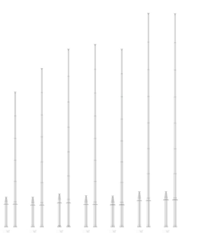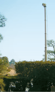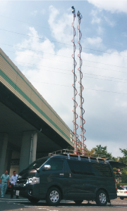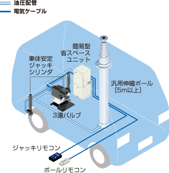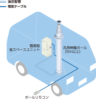 高強度のポールは耐振動性、耐風速性に優れ、油圧駆動方式により正確な位置制御が可能です。
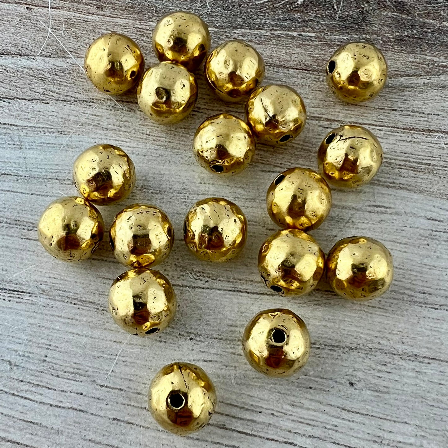 Add 2 Gold Round Hammered Ball Beads, Round Bead, Slider Bead, Jewelry Supplies, Jewelry Finding Making, GL-6328 to the cart
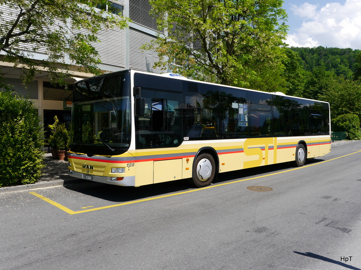 STI - MAN Lion`s City Nr.128 BE 800128 bei den Bushaltestellen vor dem Bahnhof in Thun am 27.05.2017
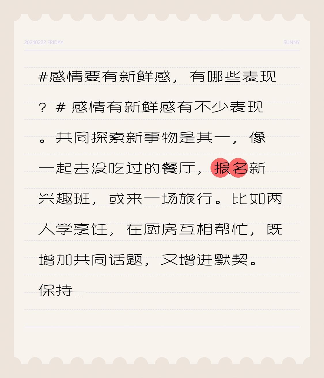 感情有新鲜感有不少表现。共同探索新事物是其一,像一起去没吃过的餐厅,报名新兴趣班
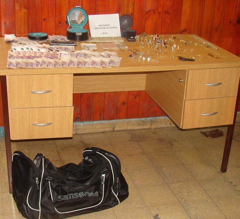 El personal interviniente, procedió al secuestro de una motocicleta Yamaha Crypton 110 cc., de color rojo con cachas negras en la que se conducían ambos sujetos y de 1 bolso de color negro que contenía en su interior 45 anillos, 8 cadenas con dijes, 1 reloj pulsera de mujer, 3 pulseras, 9 dijes, 3 alhajeros, 1 espadita (elemento punzante para forzar cerraduras), y unos $5.500 en efectivo.
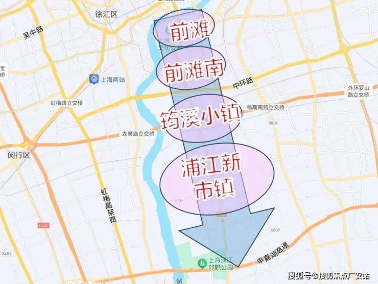 项目位于于前滩南浦锦板块,距离8号线沈杜公路站直线距离约200米,西边紧贴着浦江郊野公园,东侧就是未来的TOD综合体。
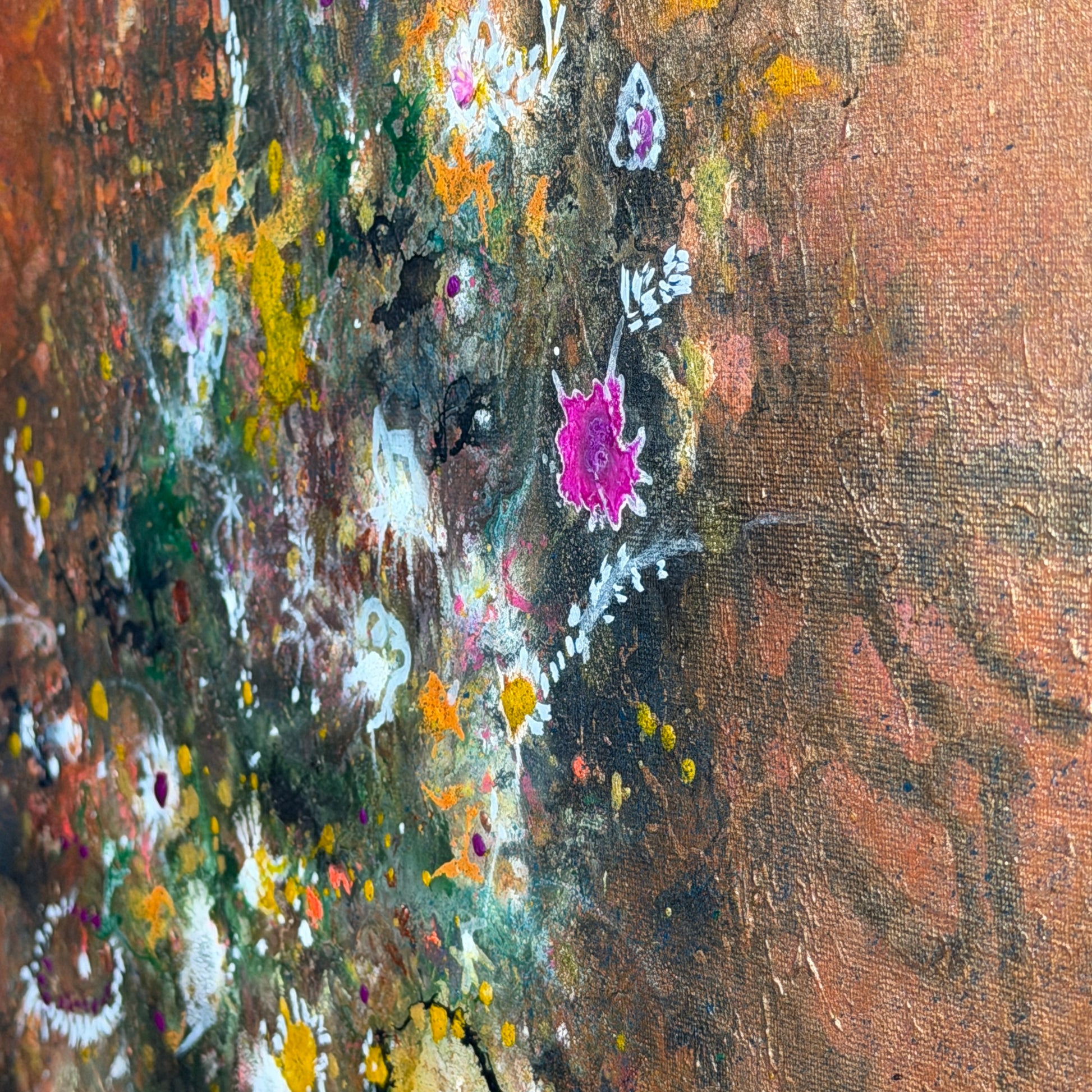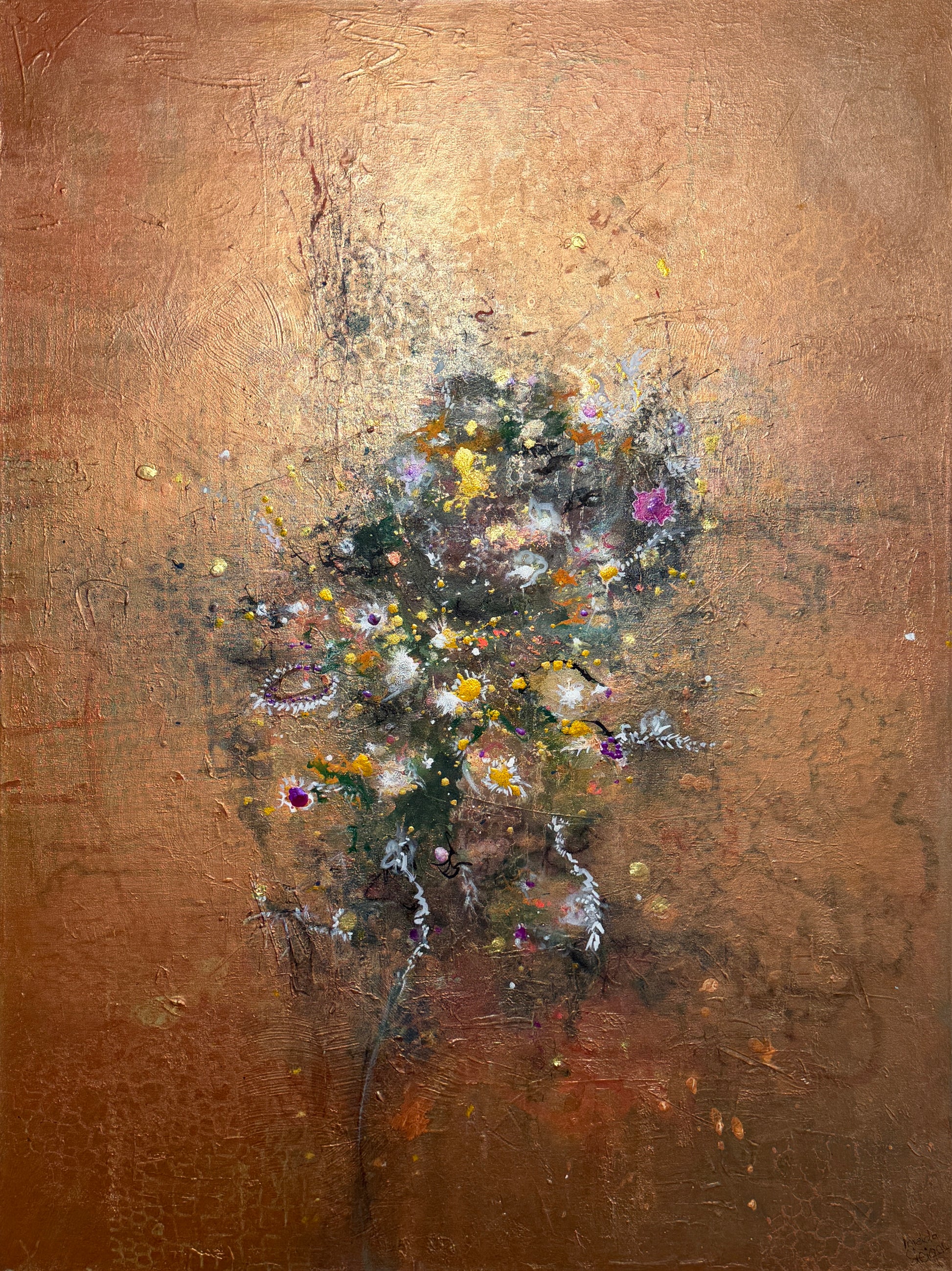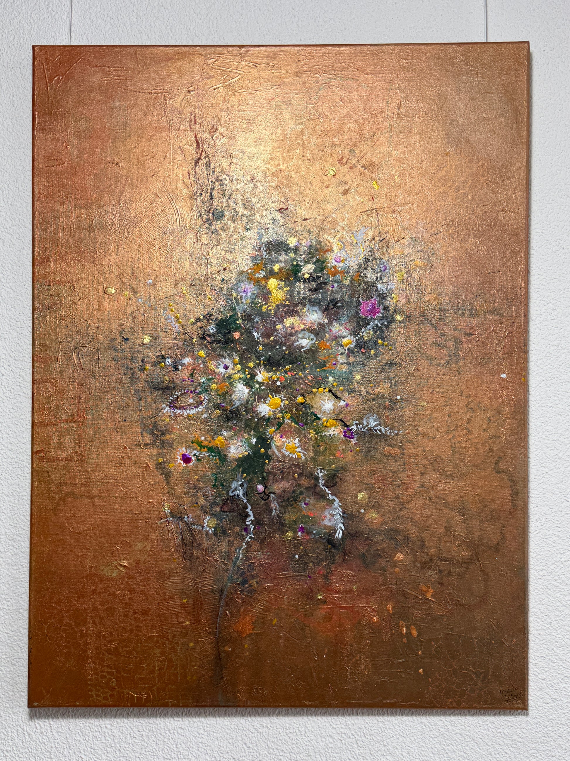 Aus einer warm schimmernden Tiefe wächst eine fragile Blütenform empor – nicht laut, nicht fordernd, sondern still und voller Würde. Die Farben wirken, als hätten sie Zeit in sich aufgenommen: Goldene Nuancen, erdige Töne und zarte Lichtpunkte erzählen von Erinnerung, Vergänglichkeit und dem kostbaren Moment dazwischen.

Exercise instructions: The job is to return the listing above exactly, minus its pictures.

Response:
 高強度のポールは耐振動性、耐風速性に優れ、油圧駆動方式により正確な位置制御が可能です。
 Add 2 Gold Round Hammered Ball Beads, Round Bead, Slider Bead, Jewelry Supplies, Jewelry Finding Making, GL-6328 to the cart
 STI - MAN Lion`s City Nr.128 BE 800128 bei den Bushaltestellen vor dem Bahnhof in Thun am 27.05.2017
 感情有新鲜感有不少表现。共同探索新事物是其一,像一起去没吃过的餐厅,报名新兴趣班
 El personal interviniente, procedió al secuestro de una motocicleta Yamaha Crypton 110 cc., de color rojo con cachas negras en la que se conducían ambos sujetos y de 1 bolso de color negro que contenía en su interior 45 anillos, 8 cadenas con dijes, 1 reloj pulsera de mujer, 3 pulseras, 9 dijes, 3 alhajeros, 1 espadita (elemento punzante para forzar cerraduras), y unos $5.500 en efectivo.
 项目位于于前滩南浦锦板块,距离8号线沈杜公路站直线距离约200米,西边紧贴着浦江郊野公园,东侧就是未来的TOD综合体。
 Aus einer warm schimmernden Tiefe wächst eine fragile Blütenform empor – nicht laut, nicht fordernd, sondern still und voller Würde. Die Farben wirken, als hätten sie Zeit in sich aufgenommen: Goldene Nuancen, erdige Töne und zarte Lichtpunkte erzählen von Erinnerung, Vergänglichkeit und dem kostbaren Moment dazwischen.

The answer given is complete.